Au sein du mouvement et lors des formations organisées pour les porteurs de projets et les collectivités, nous approfondissons les principaux enjeux des projets citoyens :

Enjeu 1 – Susciter et organiser la mobilisation citoyenne

Constituer un groupe moteur et définir le projet

Il est essentiel de constituer un groupe «moteur» de pilotage du projet dès ses prémisses. Ce groupe aura pour missions de définir les objectifs du projet et d’en assurer sa pérennité dans le temps. Ce noyau dur de personnes motrices se constitue généralement sous forme associative et/ou coopérative. Il pilote le projet EnR et assure l’interface entre les collectivités locales, les opérateurs privés et les habitants impliqués. Il porte l’engagement moral de la bonne finalité du projet, c’est-à-dire de sa conformité finale au modèle de «projet EnR citoyen».

Il devra dans l’idéal disposer de personnes ressources pour assurer un relais local en termes de communication, multiplier les compétences en interne (comptables, juridiques, techniques, etc.) ou les identifier en externe. Le temps nécessaire à consacrer au projet ne devra pas être sous-estimé par le groupe «moteur». Il est important d’établir le plus tôt possible le(s) objectif(s) du groupe, et les étapes de réalisation de projet.

Choisir son moment et garder la main

Si la mobilisation des collectivités locales et des habitants du territoire doit se faire dans l’idéal dès l’origine d’un projet, il n’est cependant jamais trop tard pour bien faire et la mobilisation peut également se constituer en parallèle de l’avancement des études initiales.

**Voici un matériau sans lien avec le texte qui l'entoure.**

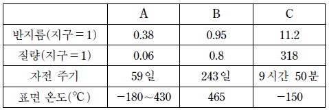 표는 태양계 행성 A, B, C의 물리량을 나타낸 것이다.
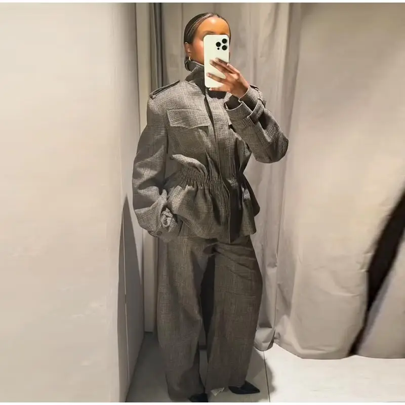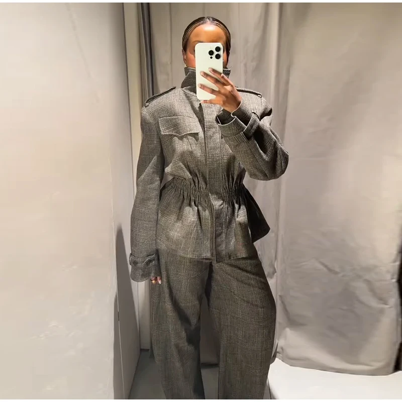 Elevate your wardrobe with the LaurenNichole La’Bond Wool Plaid Zip-Up Slim Waisted Blazer paired with wide-leg trousers, where contemporary tailoring meets effortless sophistication. Crafted from premium synthetic fibers, this two-piece delivers a structured yet comfortable fit, ideal for autumn and winter wear. The high-waist pleated trousers complement the slim-waisted zip-up blazer, creating a polished silhouette that transitions seamlessly from office settings to elevated casual moments.
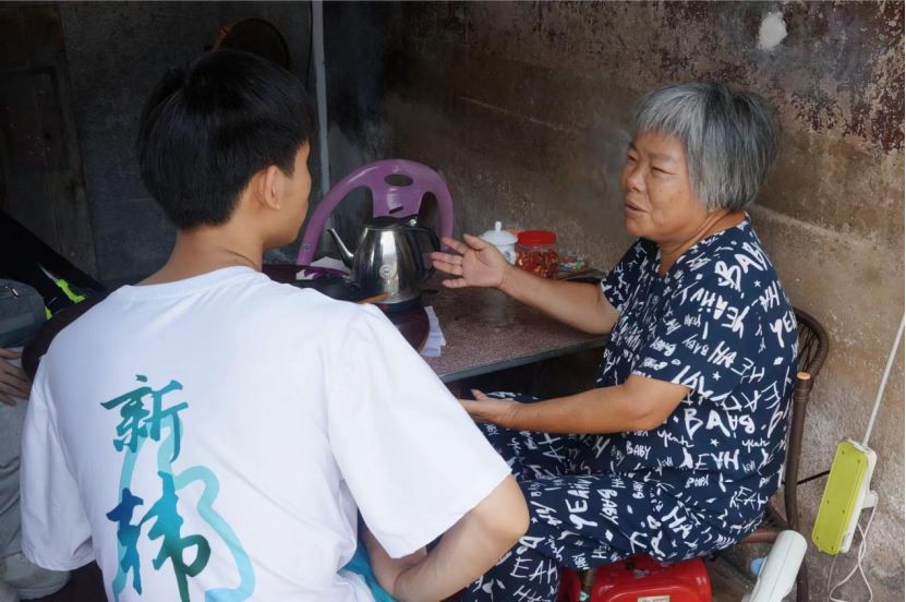 為貫徹落實黨的二十大精神,助力鄉村振興戰略,解讀鄉村文化和文明鄉風的歷史傳承。佛山科學技術學院新韓路護江隊于7月8日到龍湖古寨進行實地調研。當隊員們探訪明朝嘉靖年間的御倭英雄劉子興的宅第“方伯第”時,受到了居住于此的阿婆的熱情招待。隊員們跟阿婆坐在一起閑聊,時不時傳來陣陣歡樂的笑聲。阿婆還拿出了正宗的鳳凰單叢茶出來招待隊員們,讓大家都品嘗到了最純正的潮州鳳凰茶。在交談之際,我們不經意間了解到阿婆的生活比較困難。隊員們隨即決定,購置一些生活用品給予阿婆,阿婆十分感動,拉著隊員的手,表示出由衷的感謝,隨后隊員們和阿婆道別。
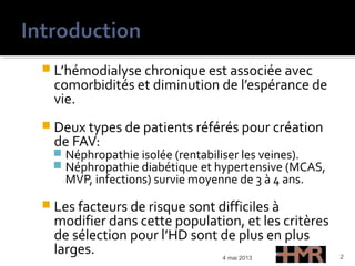 Le document détaille la création et la gestion des fistules artério-veineuses (fav) pour l'hémodialyse, en soulignant l'importance de la sélection du site et des facteurs de risque associés à la thrombose. Des recommandations basées sur des études et des pratiques cliniques sont fournies pour optimiser la perméabilité fonctionnelle et la survie des accès vasculaires. Les résultats montrent que des approches agressives de suivi et d'intervention peuvent améliorer les taux de survie des fav malgré les défis posés par des comorbidités telles que le diabète.
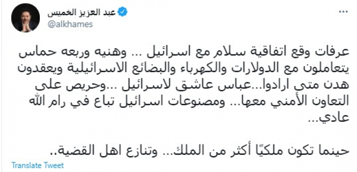 وقال في تغريدة عبر "تويتر" رصدها "المشهد العربي": "عرفات وقع اتفاقية سلام مع إسرائيل … وهنيه وربعه حماس يتعاملون مع الدولارات والكهرباء والبضائع الإسرائيلية ويعقدون هدن متى أرادوا…عباس عاشق لإسرائيل …وحريص على التعاون الأمني معها… ومصنوعات اسرائيل تباع في رام الله عادي".
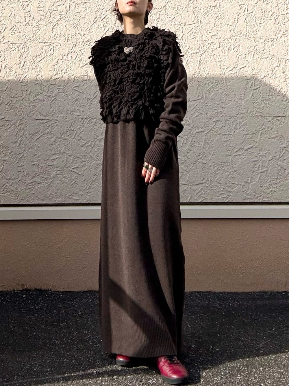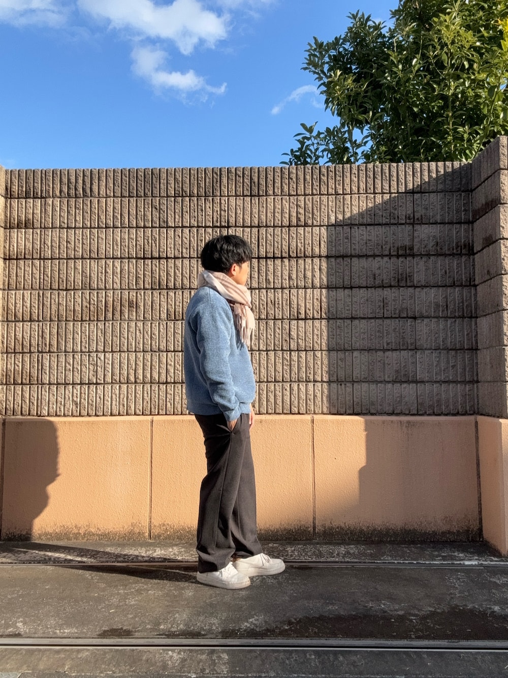 ゆとりのある作りなのでインナーにシャツや厚手のカットソーを合わせていただいても窮屈感なく着用いただけます。
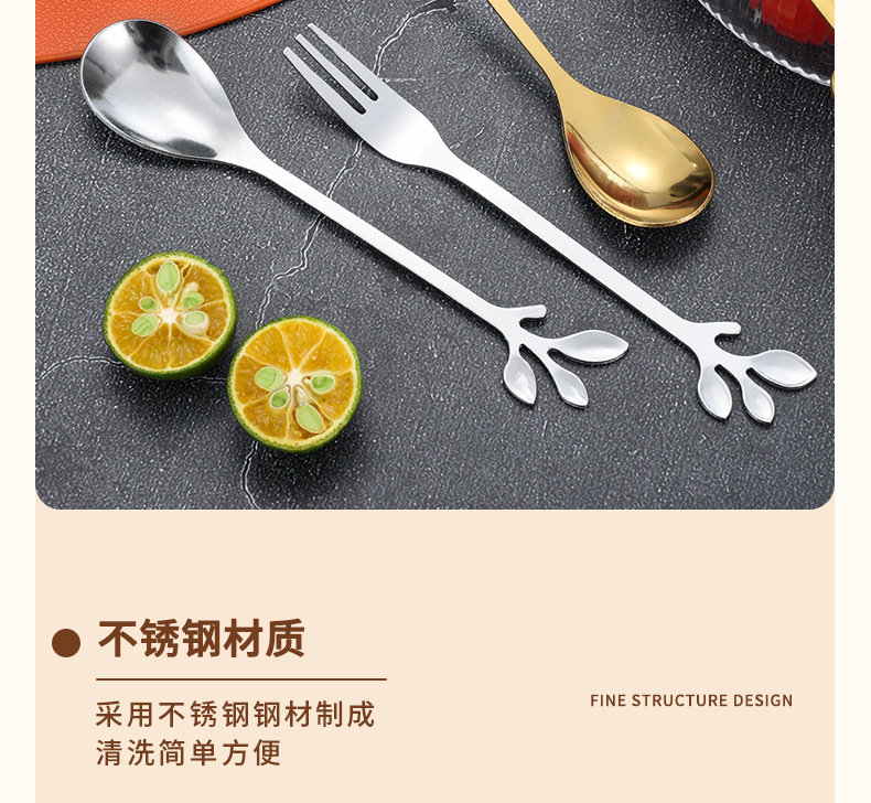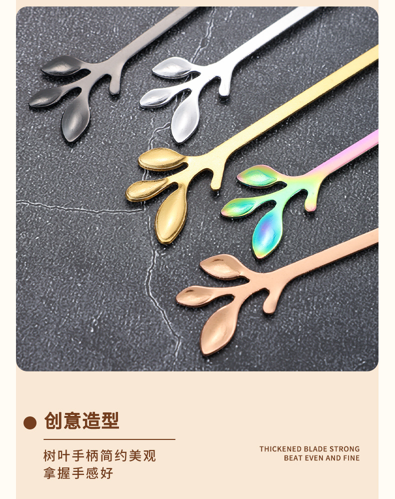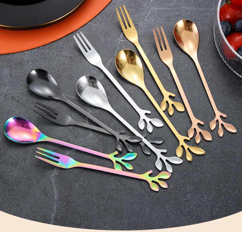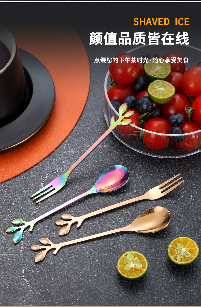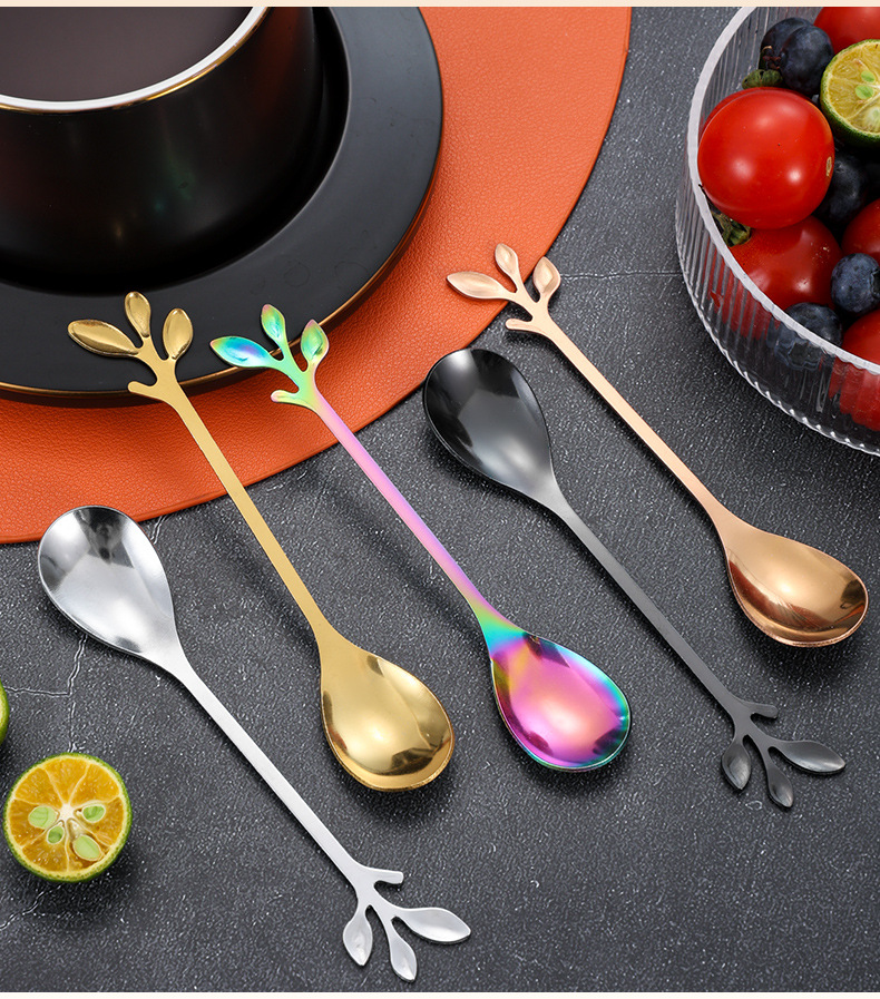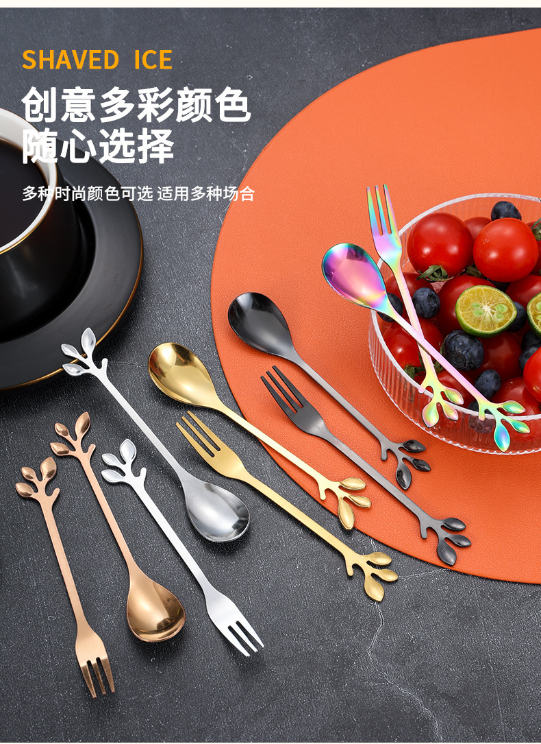 스테인레스 스틸 커피 스푼 높은 색 가치 리프 스푼 가정용 스푼 디저트 스푼 혼합 스푼 과일 포크 선물 스푼 도매

La concertation entre les différents acteurs – opérateurs privés, collectivités locales, acteurs citoyens – impliqués dans un projet d’énergie renouvelable, est primordiale. La mobilisation du territoire et la communication publique sur le projet, doivent se dérouler à l’initiative des collectivités et des citoyens.

Communiquer et mobiliser

Communication et pédagogie sont essentielles. Quelques notions de mise en contexte (écologique et économique) s’avèrent utiles pour expliquer l’engagement du groupe moteur et gérer les éventuelles oppositions. Inhérentes au processus de concertation, celles-ci ont par ailleurs le mérite d’être la manifestation d’un intérêt pour le projet.

Mener la mobilisation locale autour du projet assoit la légitimité du groupe moteur et le pose en interlocuteur crédible et incontournable dans son développement.

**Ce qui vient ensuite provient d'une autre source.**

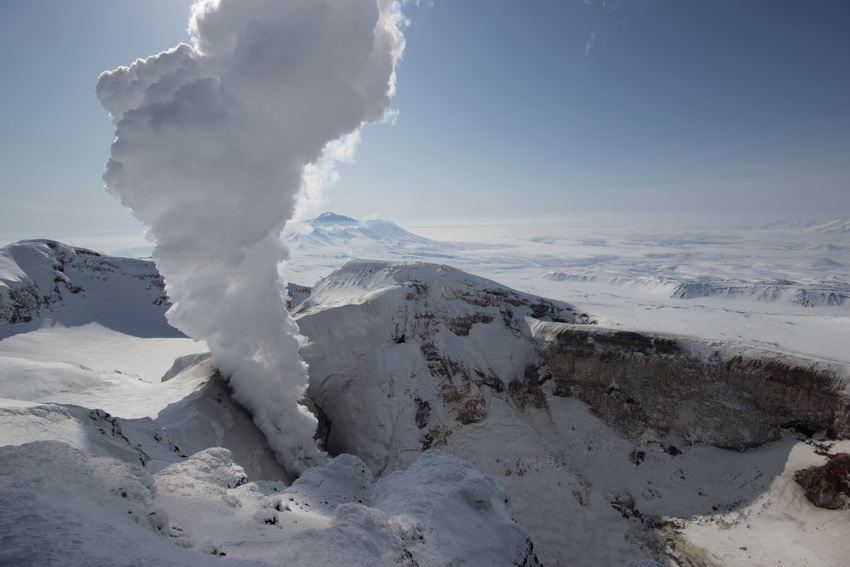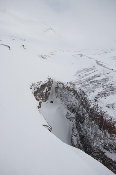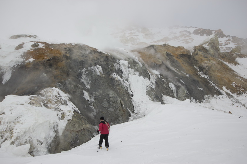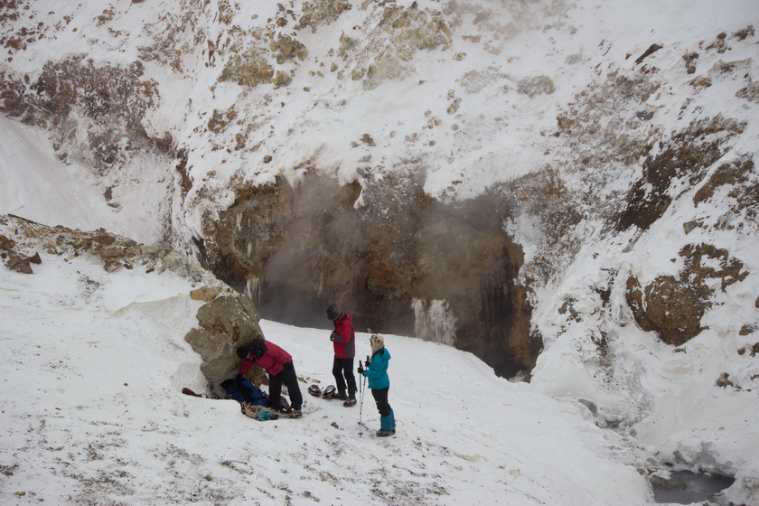 , около которого оставили вещи и переобулись в кошки. Но дошли только до фумарольных полей – дальше непроход из-за огромных масс снега. Саша, который бывал здесь летом, с трудом узнал местность, тем более, что видимость у нас ограничена из-за погоды. В нашем случае мы находились на краю огромной протаявшей в снегу чаши глубиной метров 10 и шириной 30, заполненной сернистым паром. На ее дне и стенках – разноцветные скальные обнажения. До "активной воронки" дороги нет.

Enjeu 2 – Structurer son projet

Élaborer un cahier des charges

Chaque projet est unique et peut correspondre à un ou plusieurs montages juridiques possibles qui seront élaborés parallèlement aux études techniques. Ce n’est pas la structure juridique qui fait le projet, mais l’inverse. La définition d’un cahier des charges précis permettra de choisir le montage juridique le plus adapté. Plusieurs caractéristiques du projet sont à examiner :

  • nature du groupe de départ
  • principes fondateurs
  • dimensionnement et aspects techniques
  • contexte local
  • rapport au capital
Établir des partenariats

Des partenariats peuvent être développés avec des bureaux d’études spécialisés ou experts juridiques pour mener à bien les projets. Cependant, il est important que les porteurs de projet puissent avoir une compréhension générale des dossiers pour rester maîtres des choix à faire sur les plans technique, juridique et financier.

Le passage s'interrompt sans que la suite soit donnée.